Бывали характеры резко выдающиеся, трудно, с усилием подчинявшиеся, но все-таки
подчинявшиеся. Приходили в острог такие, которые уж слишком зарвались, слишком
выскочили из мерки на воле, так что уж и преступления свои делали под конец как
будто не сами собой, как будто сами не зная зачем, как будто в бреду, в чаду;
часто из тщеславия, возбужденного в высочайшей степени. Но у нас их тотчас
осаживали, несмотря на то что иные, до прибытия в острог, бывали ужасом целых
селений и городов. Оглядываясь кругом, новичок скоро замечал, что он не туда
попал, что здесь дивить уже некого, и приметно смирялся и попадал в общий тон.

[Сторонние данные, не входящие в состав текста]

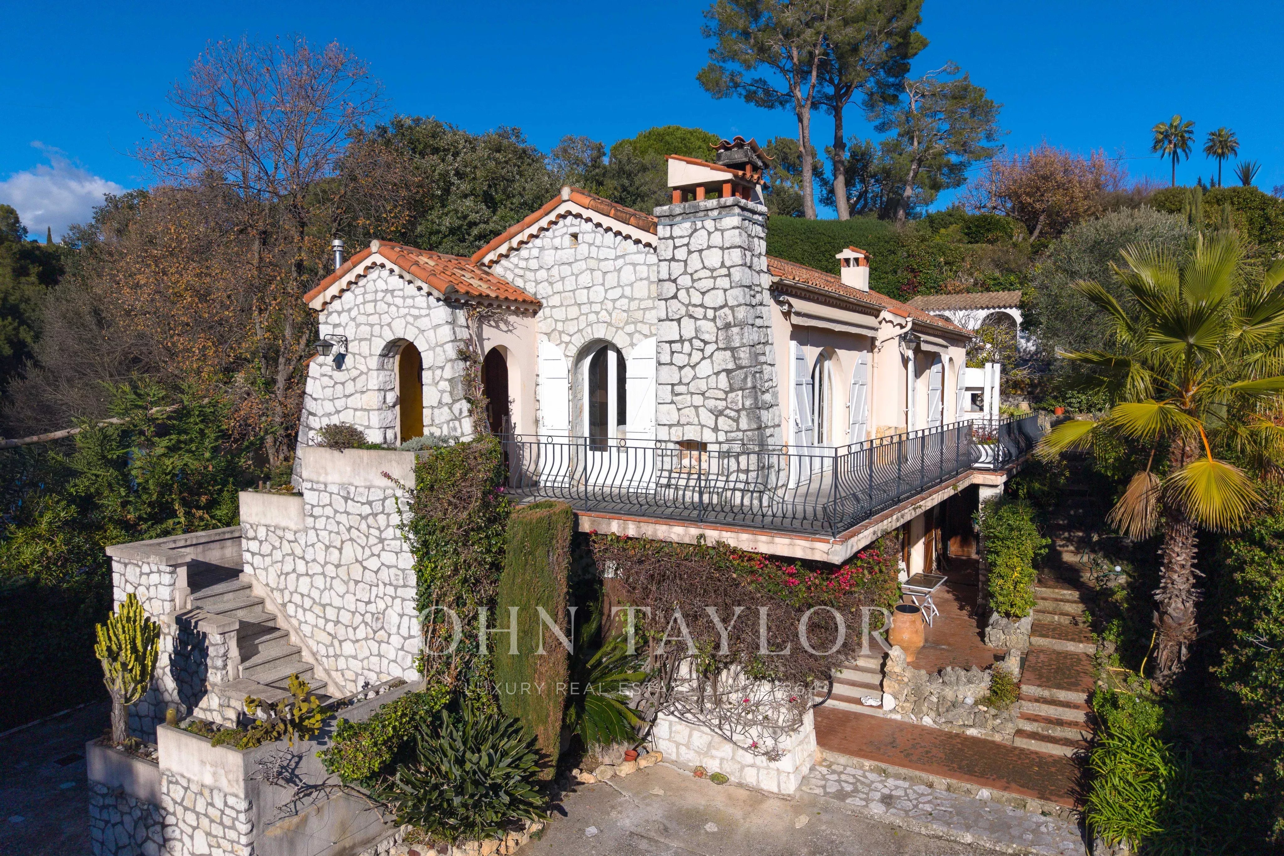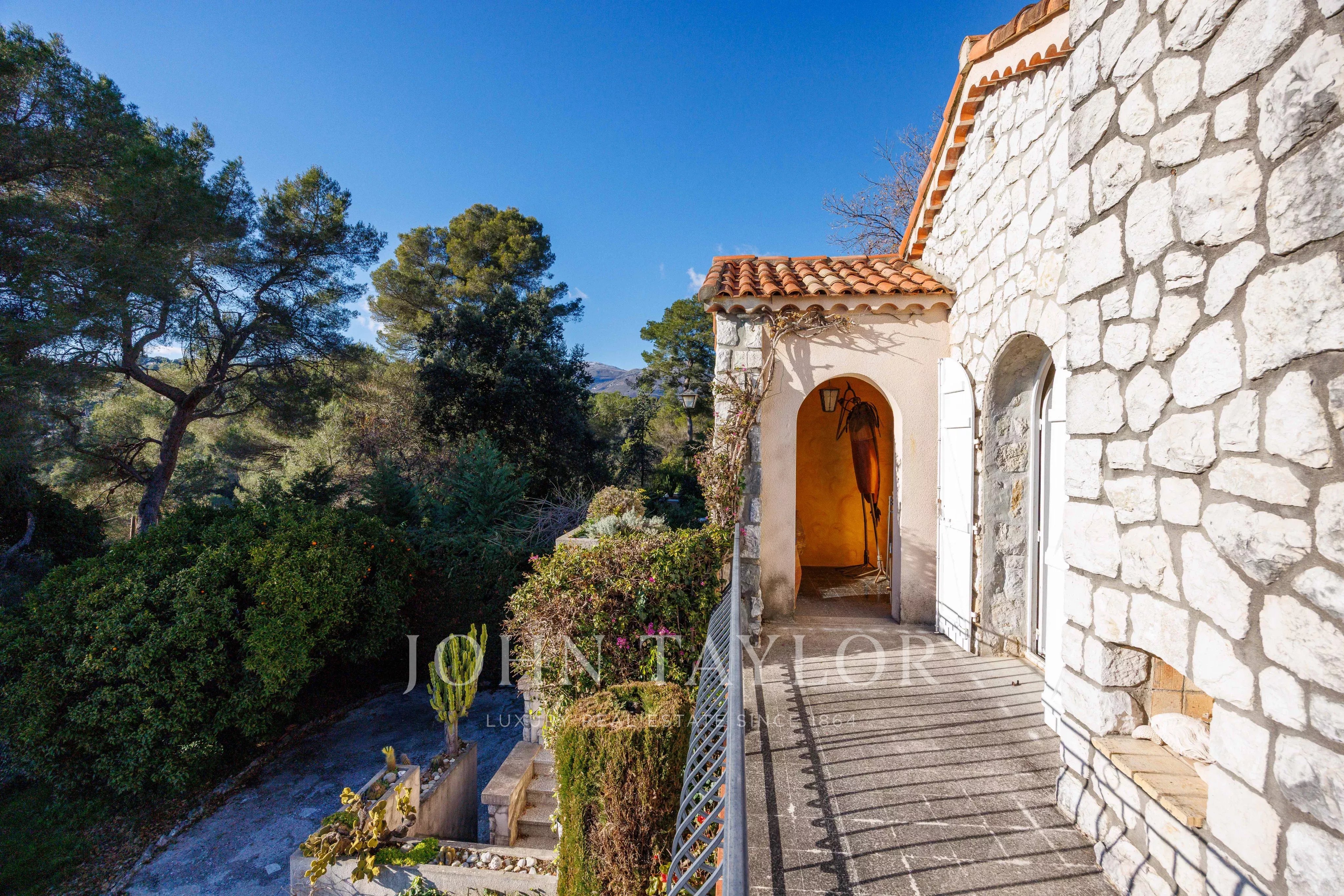 Ideally situated in the quiet, residential heights of Saint-Paul-de-Vence, in a sought-after neighborhood, this charming, partially stone-built house of approx. 141 m² offers unobstructed views all the way to the sea and Cap d'Antibes, with optimal southeast and southwest exposure. It features an infinity pool, whirlpool and pool house.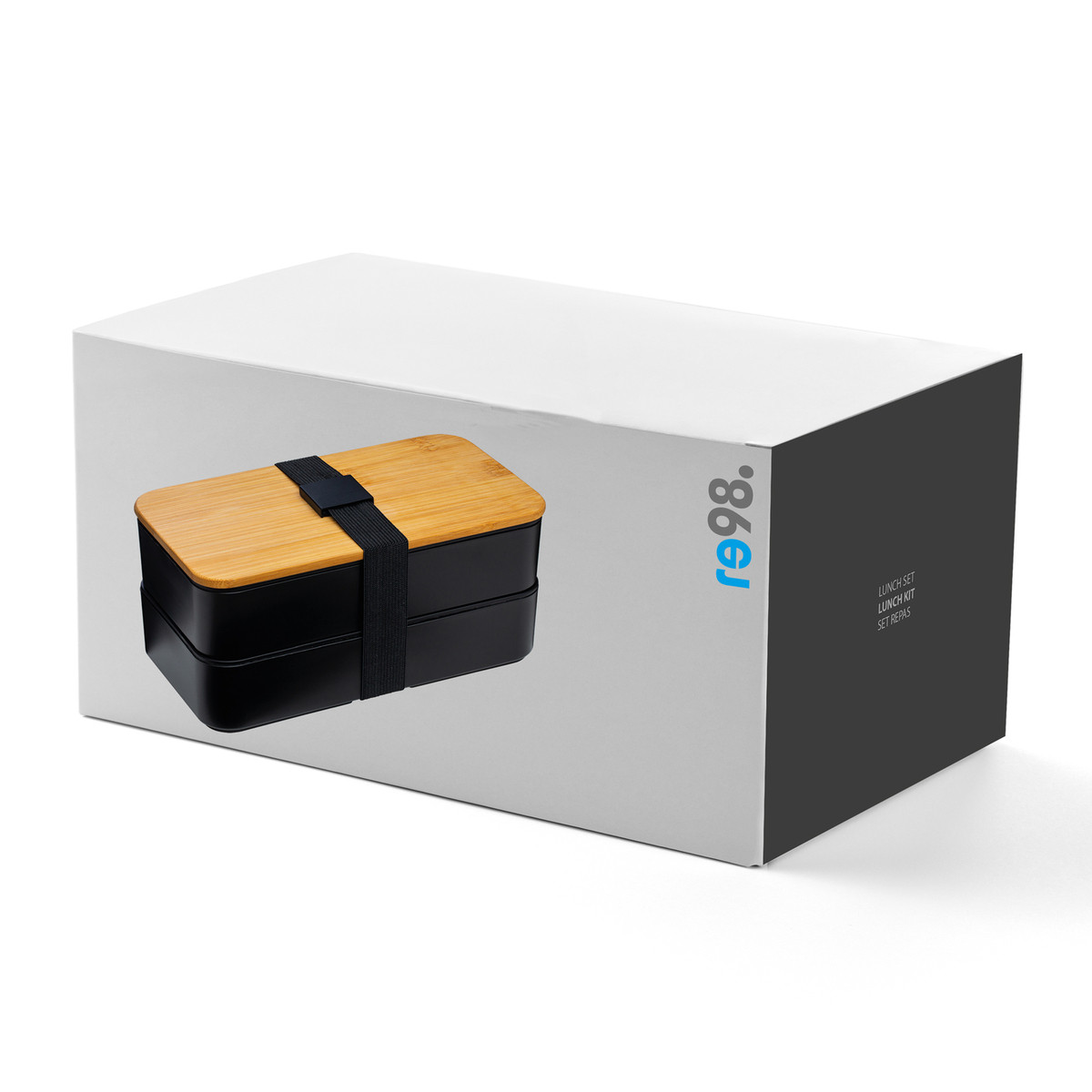 Que ce soit pour le travail, l'école ou les loisirs - les lunch box sont des objets utilisés quotidiennement par de nombreuses personnes avec une haute durée d’utilisation. Intégrez votre message publicitaire dans le quotidien des clients et faites leur plaisir avec notre équipement polyvalent RE98-Laudat.La lunch box comporte deux récipients noirs de 500 ml, qui sont séparés par une unité de séparation. L'unité de séparation contient un ensemble de couverts noirs en plastique, composé d'un couteau, d'une fourchette et d'une cuillère. Les couverts y sont bien rangés et serrés dans les fixations correspondantes. Un séparateur de nourriture pour l’une des deux boîtes est également inclus.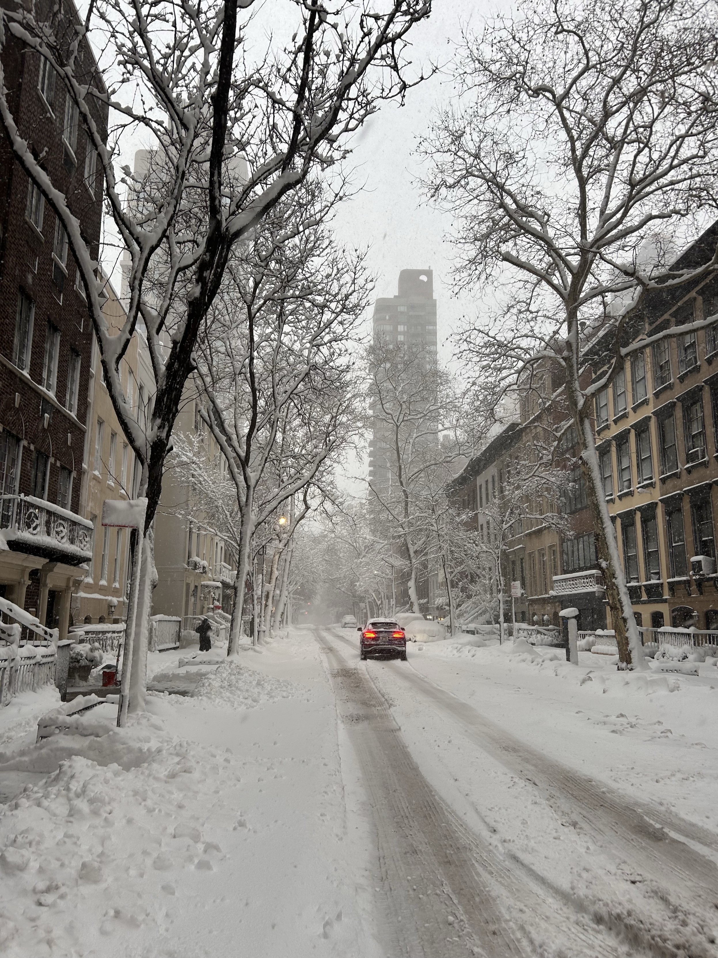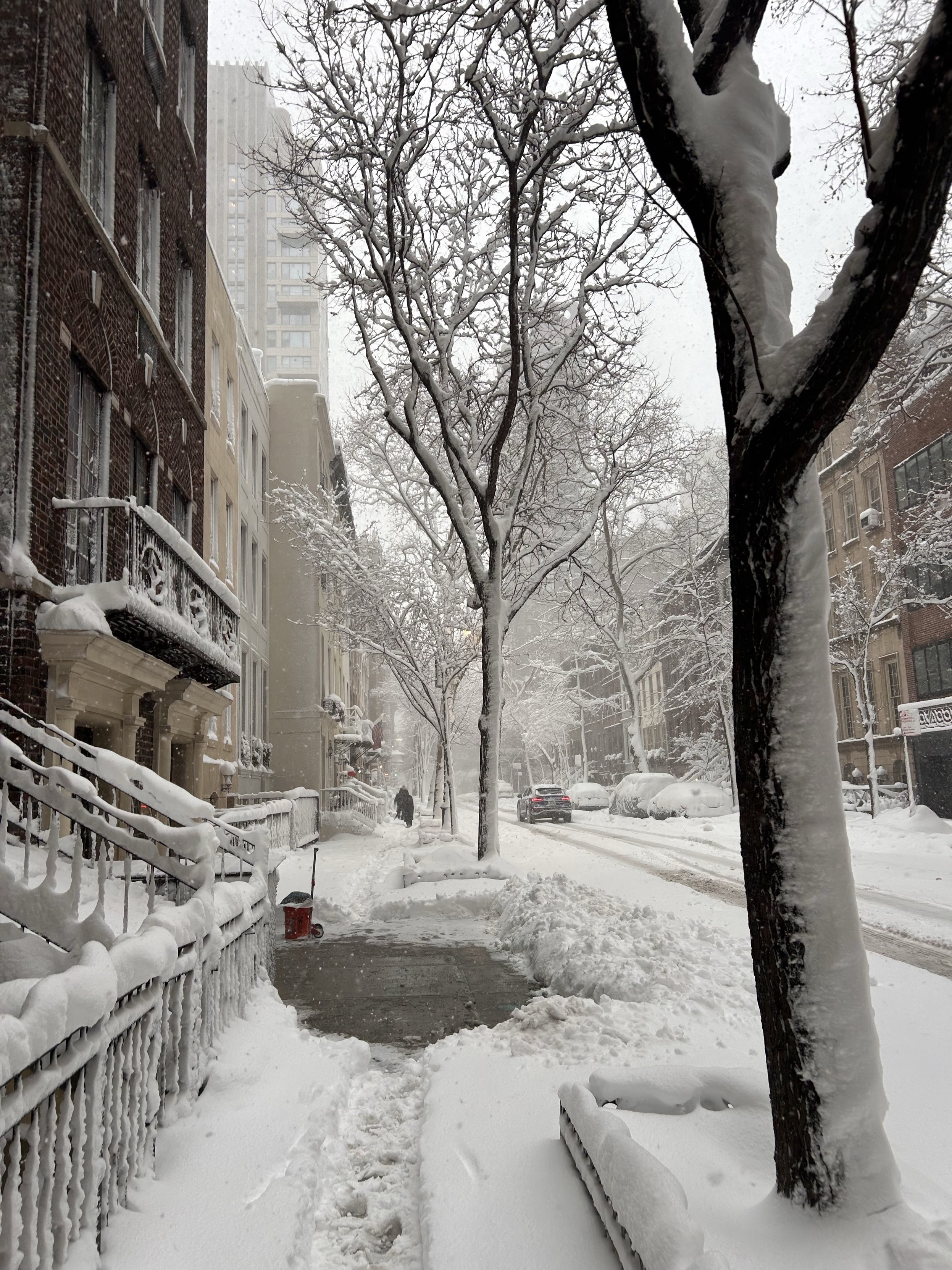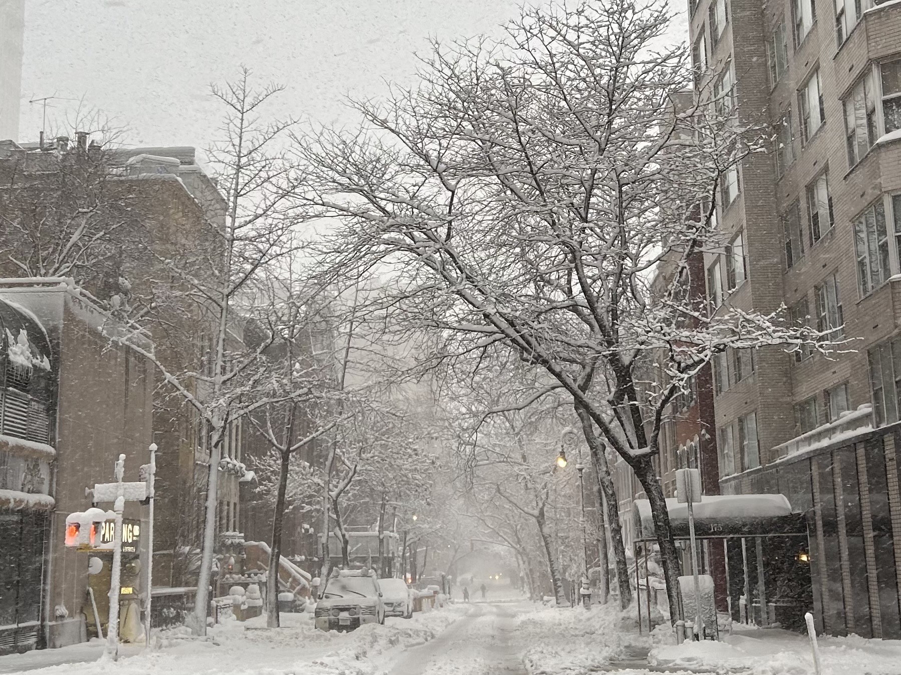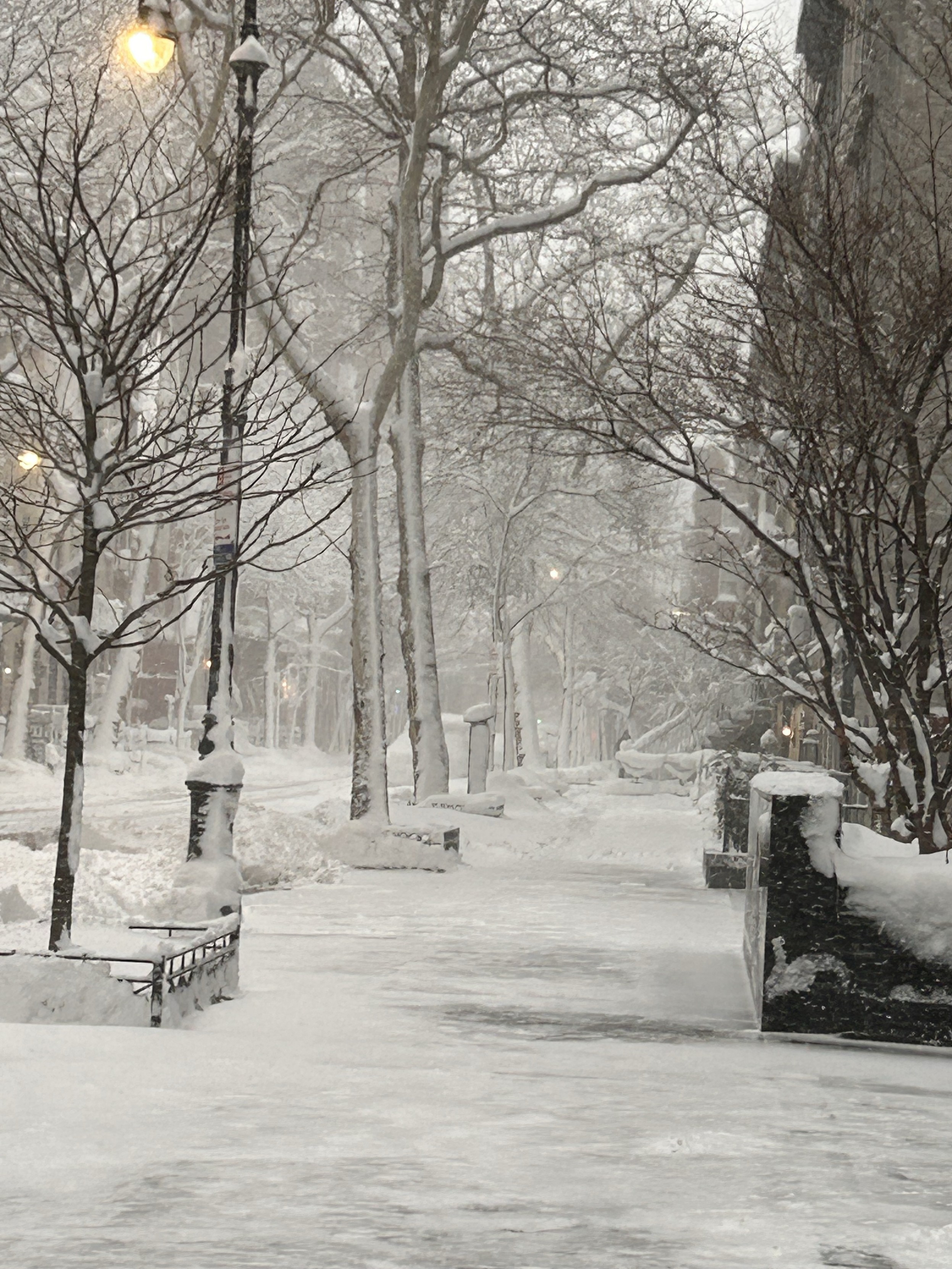 Black and white photo. Night on an empty street. A four-headed streetlight shines in a black sky, whirling snowflakes illuminated in its cone of light. Beyond it, a tree, its dark branches lined with snow. More streetlights in the distance. Another tree and the body of a shipping crane barely stand out against the dark. Closer to camera: a spiked fence, and a sidewalk and street dusted with snow (the first hint of much more to come). A fire hydrant flanked by bollard posts stands in dim light at the lower right of the image. The scene feels lonesome, desolate. With bated breath we brace for the storm.

Этот общий тон составлялся снаружи из какого-то особенного собственного
достоинства, которым был проникнут чуть не каждый обитатель острога. Точно в
самом деле звание каторжного, решеного, составляло какой-нибудь чин, да еще и
почетный. Ни признаков стыда и раскаяния! Впрочем, было и какое-то наружное
смирение, так сказать официальное, какое-то спокойное резонерство: «Мы погибший
народ, – говорили они, – не умел на воле жить, теперь ломай зеленую улицу,
поверяй ряды». – «Не слушался отца и матери, послушайся теперь барабанной
шкуры». – «Не хотел шить золотом, теперь бей камни молотом». Все это говорилось
часто, и в виде нравоучения и в виде обыкновенных поговорок и присловий, но
никогда серьезно. Все это были только слова. Вряд ли хоть один из них
сознавался внутренно в своей беззаконности. Попробуй кто не из каторжных
упрекнуть арестанта его преступлением, выбранить его (хотя, впрочем, не в
русском духе попрекать преступника) – ругательствам не будет конца. А какие
были они все мастера ругаться! Ругались они утонченно, художественно.
Ругательство возведено было у них в науку; старались взять не столько обидным
словом, сколько обидным смыслом, духом, идеей – а это утонченнее, ядовитее.
Беспрерывные ссоры еще более развивали между ними эту науку. Весь этот народ
работал из-под палки, – следственно, он был праздный, следственно, развращался:
если и не был прежде развращен, то в каторге развращался. Все они собрались
сюда не своей волей; все они были друг другу чужие.
«Черт трое лаптей сносил, прежде чем нас собрал в одну
кучу!» – говорили они про себя сами; а потому сплетни, интриги, бабьи наговоры,
зависть, свара, злость были всегда на первом плане в этой кромешной жизни.
Никакая баба не в состоянии была быть такой бабой, как некоторые из этих
душегубцев. Повторяю, были и между ними люди сильные, характеры, привыкшие всю
жизнь свою ломить и повелевать, закаленные, бесстрашные. Этих как-то невольно
уважали; они же, с своей стороны, хотя часто и очень ревнивы были к своей
славе, но вообще старались не быть другим в тягость, в пустые ругательства не
вступали, вели себя с необыкновенным достоинством, были рассудительны и почти
всегда послушны начальству, – не из принципа послушания, не из состояния
обязанностей, а так, как будто по какому-то контракту, сознав взаимные выгоды.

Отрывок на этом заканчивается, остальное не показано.